--- Provided records ---
▽
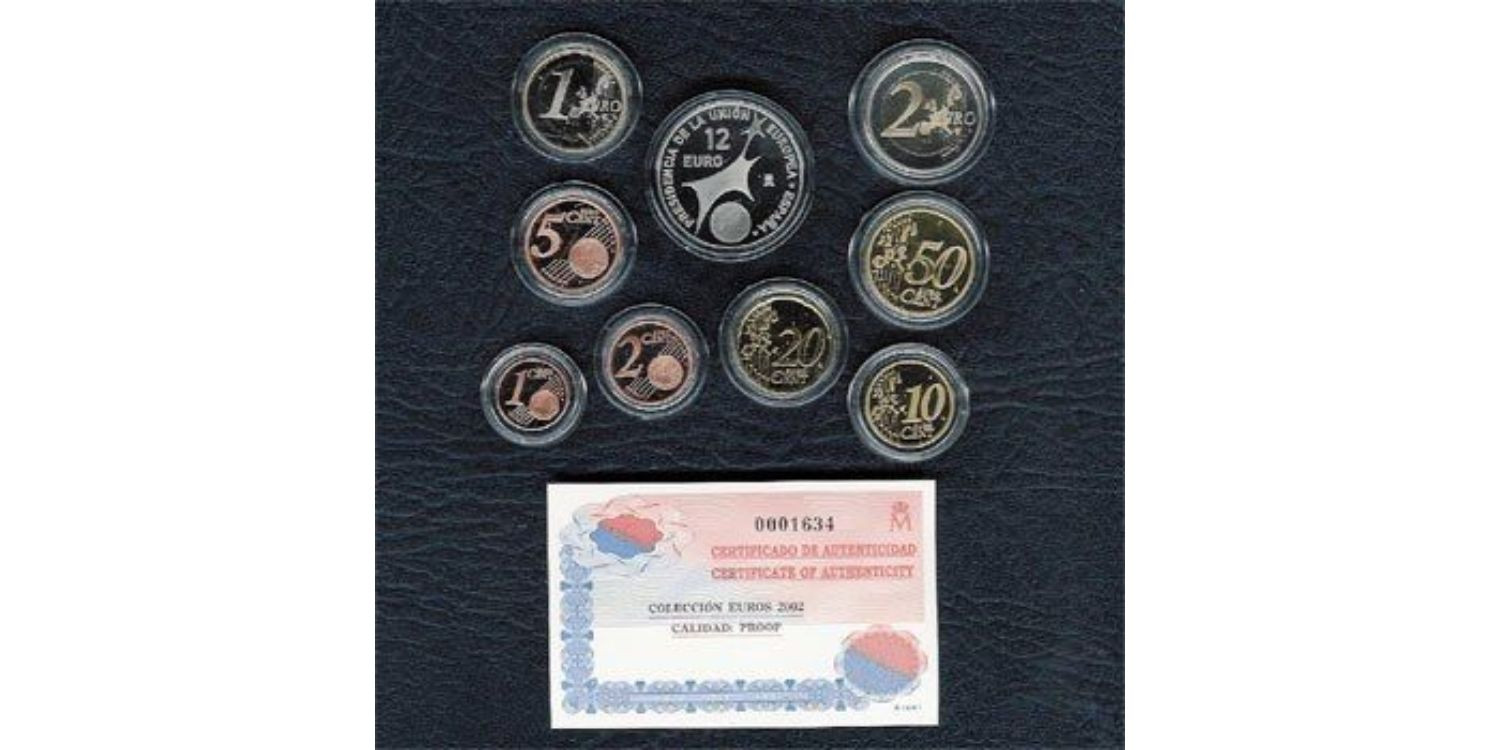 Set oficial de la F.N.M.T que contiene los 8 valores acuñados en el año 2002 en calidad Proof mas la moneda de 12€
△
▽
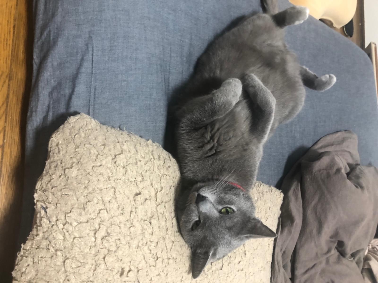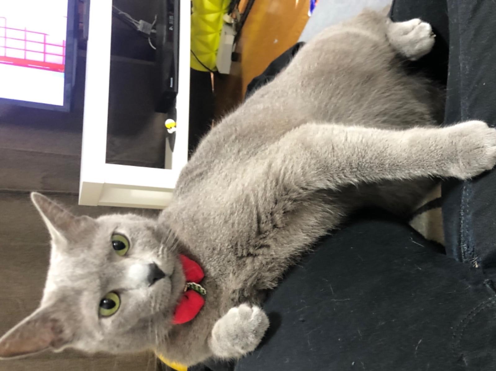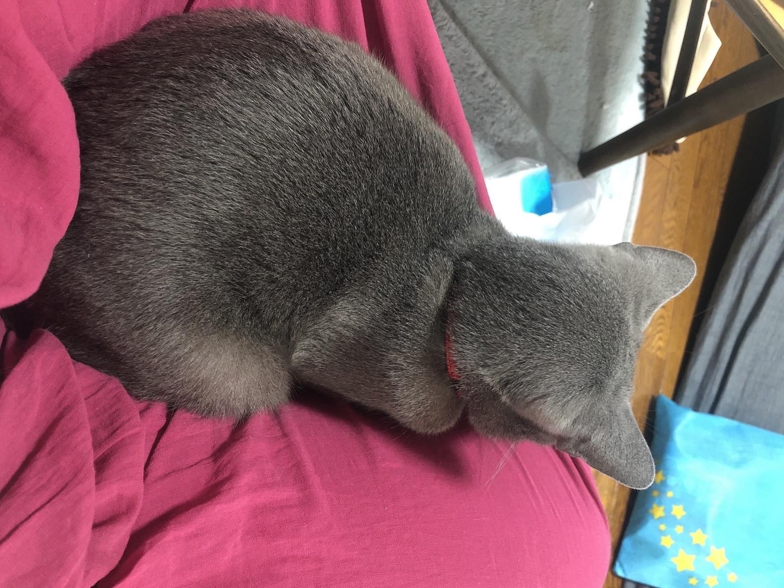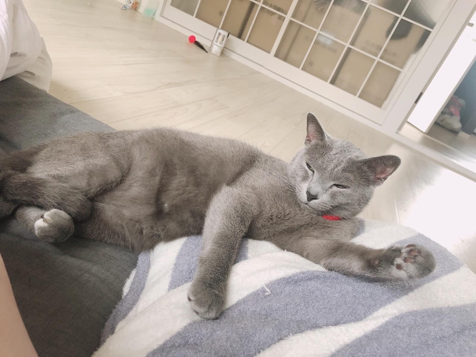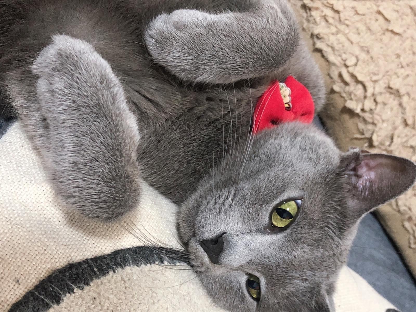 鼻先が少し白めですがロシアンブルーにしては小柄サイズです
△
▽
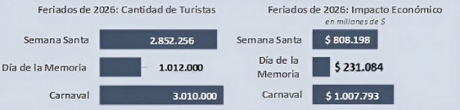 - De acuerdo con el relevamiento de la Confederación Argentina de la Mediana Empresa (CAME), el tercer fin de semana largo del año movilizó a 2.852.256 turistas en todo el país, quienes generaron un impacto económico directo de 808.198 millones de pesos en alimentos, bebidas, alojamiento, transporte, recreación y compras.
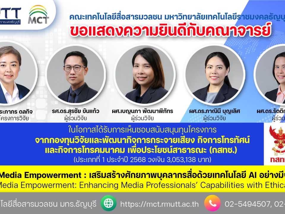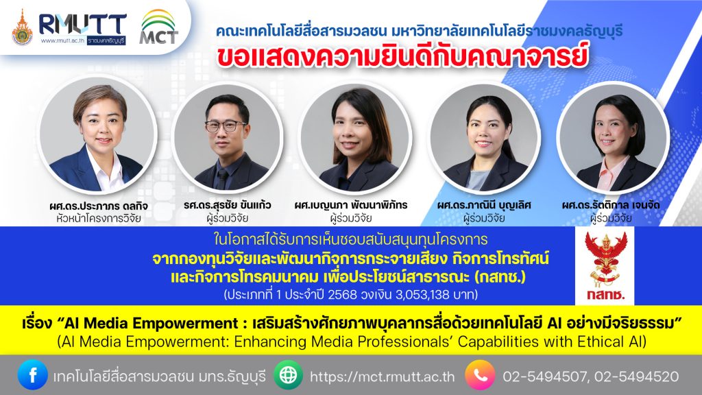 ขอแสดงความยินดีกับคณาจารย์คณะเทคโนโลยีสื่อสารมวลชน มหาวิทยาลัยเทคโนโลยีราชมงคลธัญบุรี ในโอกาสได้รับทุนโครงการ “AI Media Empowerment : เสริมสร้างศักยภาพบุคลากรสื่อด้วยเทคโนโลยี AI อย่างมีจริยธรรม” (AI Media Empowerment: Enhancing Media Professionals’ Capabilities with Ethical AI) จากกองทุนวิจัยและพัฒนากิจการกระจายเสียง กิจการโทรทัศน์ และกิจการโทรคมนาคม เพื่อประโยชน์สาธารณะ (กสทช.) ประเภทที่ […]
△
--- Goal of the exercise ---
Word for word, retype the lines in the entries above that run from the one with "- De acuerdo" through the one with "(กสทช.) ประเภทที่ […]". Both ends count; pictures do not.

--- Solution for this exercise ---
 - De acuerdo con el relevamiento de la Confederación Argentina de la Mediana Empresa (CAME), el tercer fin de semana largo del año movilizó a 2.852.256 turistas en todo el país, quienes generaron un impacto económico directo de 808.198 millones de pesos en alimentos, bebidas, alojamiento, transporte, recreación y compras.
 ขอแสดงความยินดีกับคณาจารย์คณะเทคโนโลยีสื่อสารมวลชน มหาวิทยาลัยเทคโนโลยีราชมงคลธัญบุรี ในโอกาสได้รับทุนโครงการ “AI Media Empowerment : เสริมสร้างศักยภาพบุคลากรสื่อด้วยเทคโนโลยี AI อย่างมีจริยธรรม” (AI Media Empowerment: Enhancing Media Professionals’ Capabilities with Ethical AI) จากกองทุนวิจัยและพัฒนากิจการกระจายเสียง กิจการโทรทัศน์ และกิจการโทรคมนาคม เพื่อประโยชน์สาธารณะ (กสทช.) ประเภทที่ […]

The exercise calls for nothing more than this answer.